_WORK TO BE COMPLETED_
Quote exactly, and only, the lines from the one containing "Чемодан Milan имеет" through the end of the material below. Skip pictures.

_THE DATA_
************

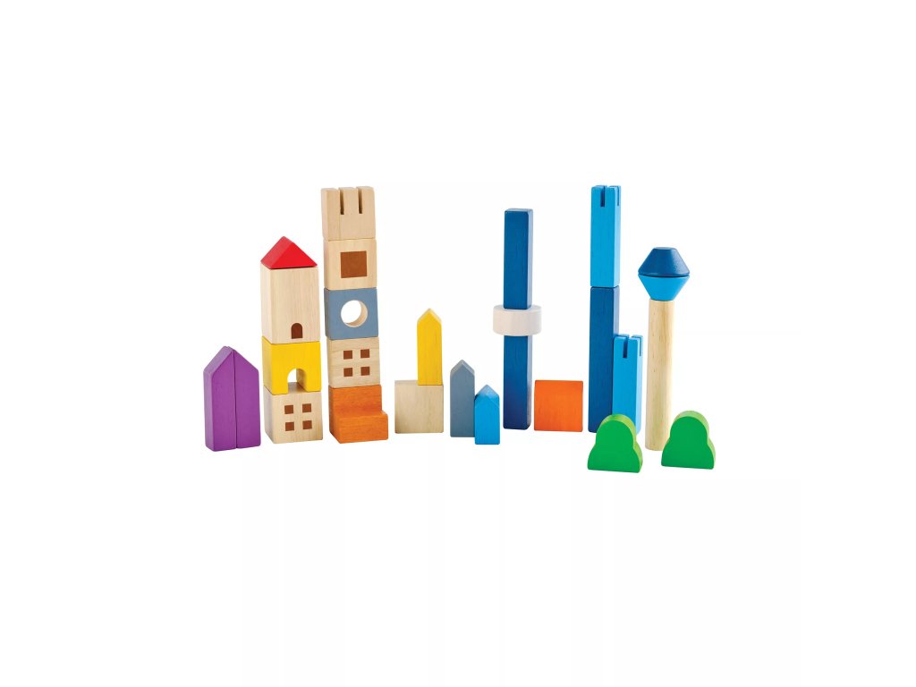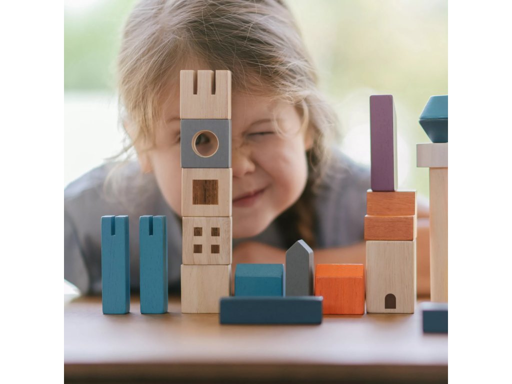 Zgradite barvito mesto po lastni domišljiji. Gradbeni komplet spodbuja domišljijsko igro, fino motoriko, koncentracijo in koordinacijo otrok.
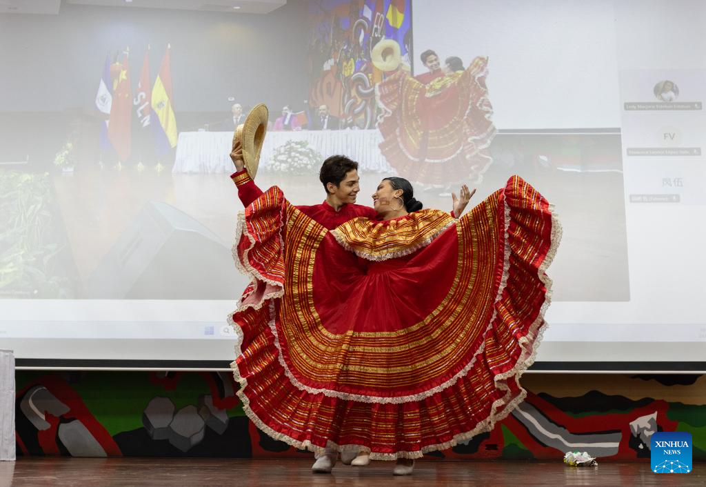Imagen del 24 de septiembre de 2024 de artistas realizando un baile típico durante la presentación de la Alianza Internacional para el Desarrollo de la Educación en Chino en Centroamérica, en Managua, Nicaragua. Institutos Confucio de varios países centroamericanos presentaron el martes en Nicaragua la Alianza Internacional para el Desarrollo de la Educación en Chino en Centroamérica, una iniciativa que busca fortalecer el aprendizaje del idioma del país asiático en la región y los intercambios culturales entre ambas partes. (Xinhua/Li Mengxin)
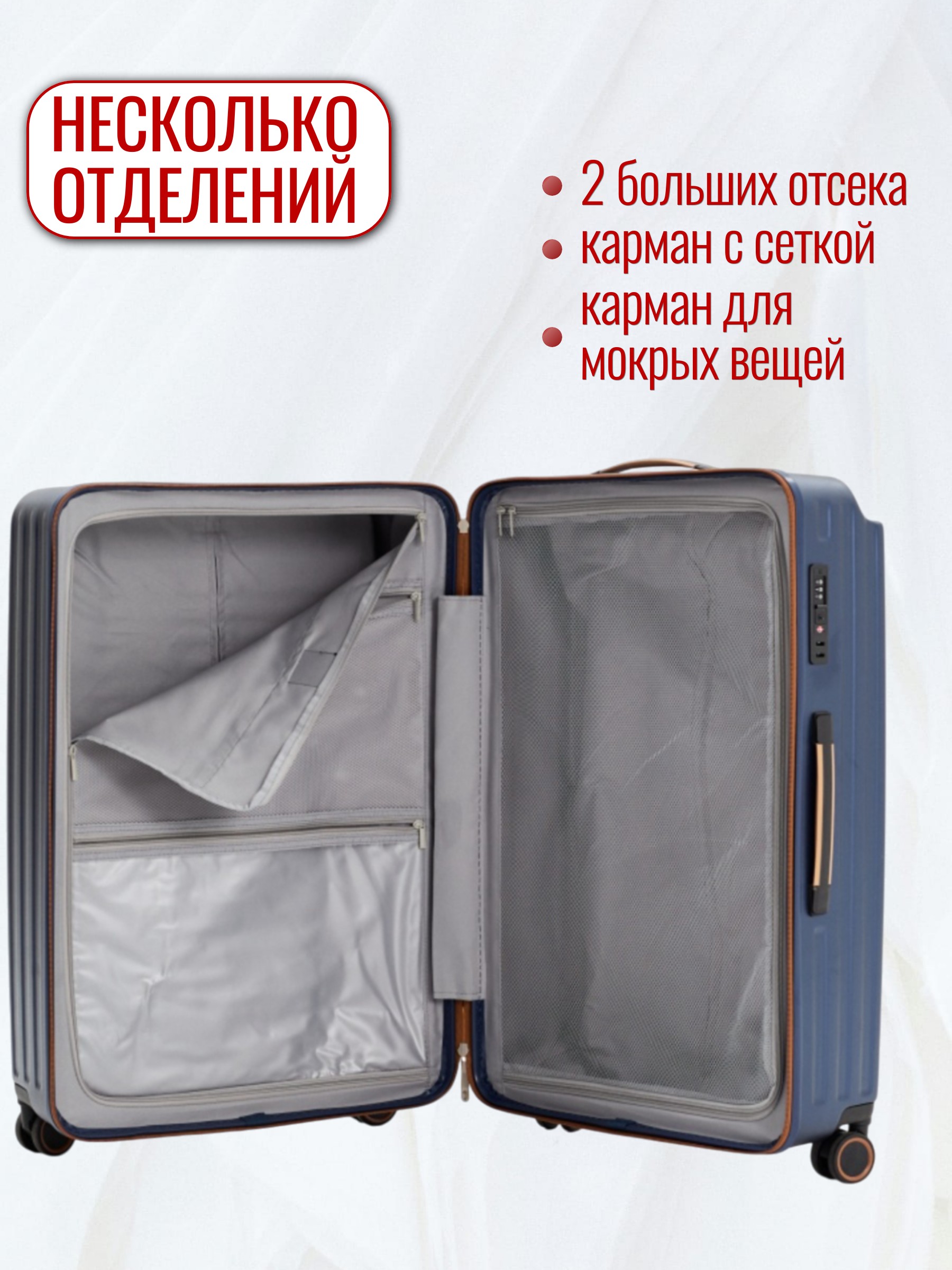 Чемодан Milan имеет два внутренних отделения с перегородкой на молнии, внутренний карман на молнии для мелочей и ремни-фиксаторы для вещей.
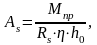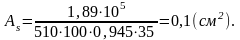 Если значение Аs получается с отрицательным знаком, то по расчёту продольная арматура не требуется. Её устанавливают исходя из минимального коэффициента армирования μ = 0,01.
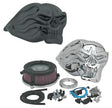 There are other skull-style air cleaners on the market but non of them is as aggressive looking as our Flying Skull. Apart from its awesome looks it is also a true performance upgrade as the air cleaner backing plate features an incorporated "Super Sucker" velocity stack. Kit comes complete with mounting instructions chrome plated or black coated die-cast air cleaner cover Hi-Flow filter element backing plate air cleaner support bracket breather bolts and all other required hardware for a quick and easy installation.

************

_EXERCISE RESULT_
 Чемодан Milan имеет два внутренних отделения с перегородкой на молнии, внутренний карман на молнии для мелочей и ремни-фиксаторы для вещей.
 Если значение Аs получается с отрицательным знаком, то по расчёту продольная арматура не требуется. Её устанавливают исходя из минимального коэффициента армирования μ = 0,01.
 There are other skull-style air cleaners on the market but non of them is as aggressive looking as our Flying Skull. Apart from its awesome looks it is also a true performance upgrade as the air cleaner backing plate features an incorporated "Super Sucker" velocity stack. Kit comes complete with mounting instructions chrome plated or black coated die-cast air cleaner cover Hi-Flow filter element backing plate air cleaner support bracket breather bolts and all other required hardware for a quick and easy installation.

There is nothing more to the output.